Intersection number

This article is about algebraic geometry. For the concept in graph theory, see Intersection number (graph theory).

In mathematics, and especially in algebraic geometry, the intersection number generalizes the intuitive notion of counting the number of times two curves intersect to higher dimensions, multiple (more than 2) curves, and accounting properly for tangency. One needs a definition of intersection number in order to state results like Bézout's theorem.

The intersection number is obvious in certain cases, such as the intersection of x- and y-axes which should be one.

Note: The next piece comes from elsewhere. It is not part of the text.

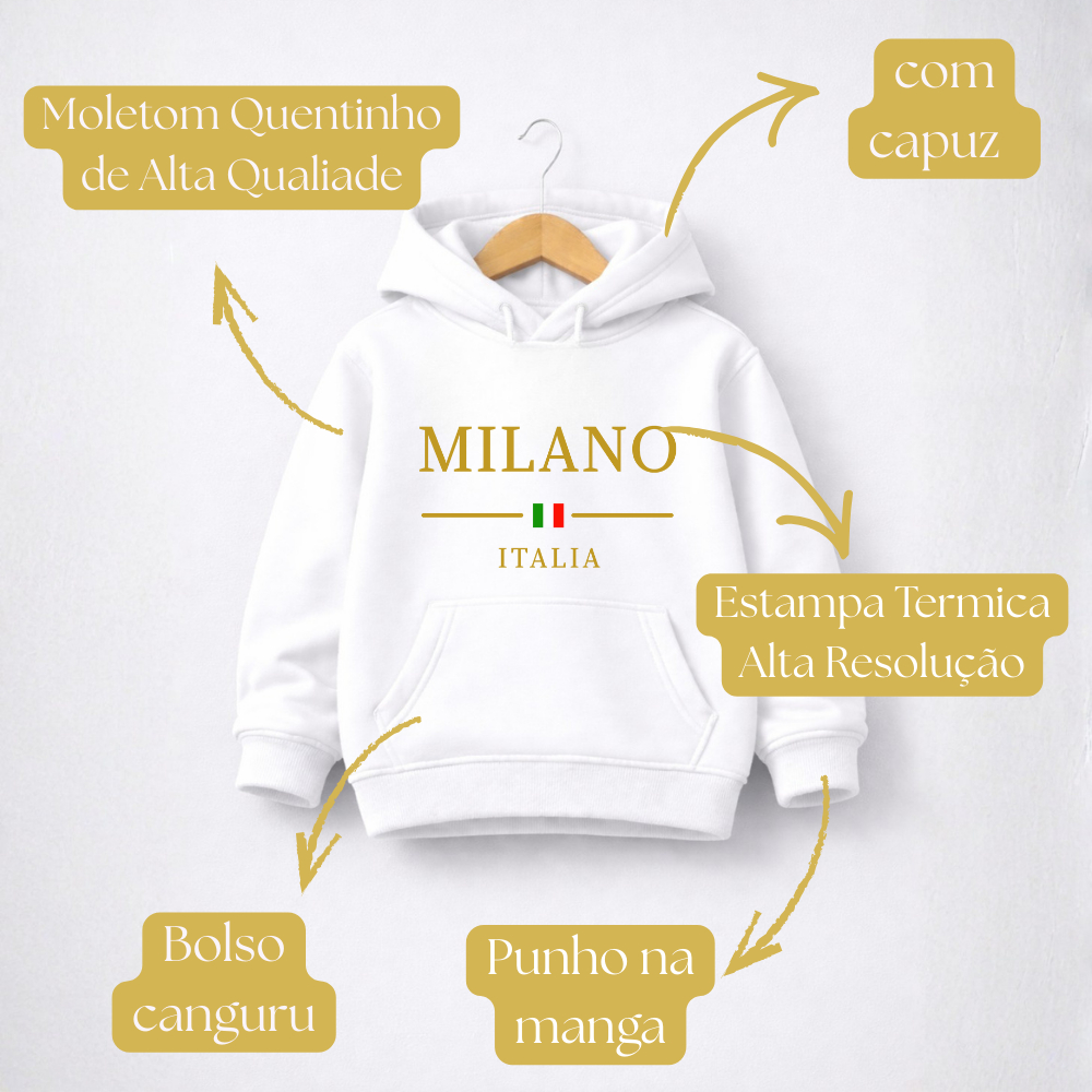 Moletom Infantil Milano Itália com Capuz Bolso Canguru Quentinha Confortável

The complexity enters when calculating intersections at points of tangency and intersections along positive dimensional sets. For example if a plane is tangent to a surface along a line, the intersection number along the line should be at least two. These questions are discussed systematically in intersection theory.

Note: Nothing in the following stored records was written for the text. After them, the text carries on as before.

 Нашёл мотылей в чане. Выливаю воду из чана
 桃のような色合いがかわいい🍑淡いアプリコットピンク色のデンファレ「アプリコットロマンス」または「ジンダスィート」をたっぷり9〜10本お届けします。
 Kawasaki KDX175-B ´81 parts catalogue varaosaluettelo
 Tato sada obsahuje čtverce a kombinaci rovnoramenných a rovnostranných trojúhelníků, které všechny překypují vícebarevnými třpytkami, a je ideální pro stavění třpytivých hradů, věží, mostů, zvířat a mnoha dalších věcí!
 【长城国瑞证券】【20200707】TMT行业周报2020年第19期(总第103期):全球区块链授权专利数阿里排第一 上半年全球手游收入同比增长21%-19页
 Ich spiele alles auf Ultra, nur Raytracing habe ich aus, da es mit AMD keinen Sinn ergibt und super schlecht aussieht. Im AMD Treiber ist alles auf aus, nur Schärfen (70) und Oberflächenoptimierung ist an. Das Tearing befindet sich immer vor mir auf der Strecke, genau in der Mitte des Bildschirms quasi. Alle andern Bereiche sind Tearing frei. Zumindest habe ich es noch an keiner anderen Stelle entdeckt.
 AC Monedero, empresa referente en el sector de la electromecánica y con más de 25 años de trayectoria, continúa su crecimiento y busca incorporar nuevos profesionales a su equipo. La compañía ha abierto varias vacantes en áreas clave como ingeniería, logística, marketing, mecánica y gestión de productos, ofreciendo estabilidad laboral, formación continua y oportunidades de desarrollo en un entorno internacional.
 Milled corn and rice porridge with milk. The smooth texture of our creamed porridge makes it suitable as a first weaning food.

Definition for Riemann surfaces

Let X be a Riemann surface. Then the intersection number of two closed curves on X has a simple definition in terms of an integral. For every closed curve c on X (i.e., smooth function c : S^1 \to X), we can associate a differential form \eta_c with the pleasant property that integrals along c can be calculated by integrals over X:

\int_c \alpha = -\int \int_X \alpha \wedge \eta_c = (\alpha, *\eta_c), for every closed (1-)differential \alpha on X,

where \wedge is the wedge product of differentials, and * is the hodge star. Then the intersection number of two closed curves, a and b, on X is defined as

a \cdot b := \int \int_X \eta_a \wedge \eta_b = (\eta_a, -*\eta_b) = -\int_b \eta_a.

The \eta_c have an intuitive definition as follows. They are a sort of dirac delta along the curve c, accomplished by taking the differential of a unit step function that drops from 1 to 0 across c. More formally, we begin by defining for a simple closed curve c on X, a function fc by letting \Omega be a small strip around c in the shape of an annulus. Name the left and right parts of \Omega \setminus c as \Omega^{+} and \Omega^{-}. Then take a smaller sub-strip around c, \Omega_0, with left and right parts \Omega_0^{-} and \Omega_0^{+}. Then define fc by

f_c(x) = \begin{cases} 1, & x \in \Omega_0^{-} \\ 0, & x \in X \setminus \Omega^{-} \\ \mbox{smooth interpolation}, & x \in \Omega^{-} \setminus \Omega_0^{-} \end{cases}.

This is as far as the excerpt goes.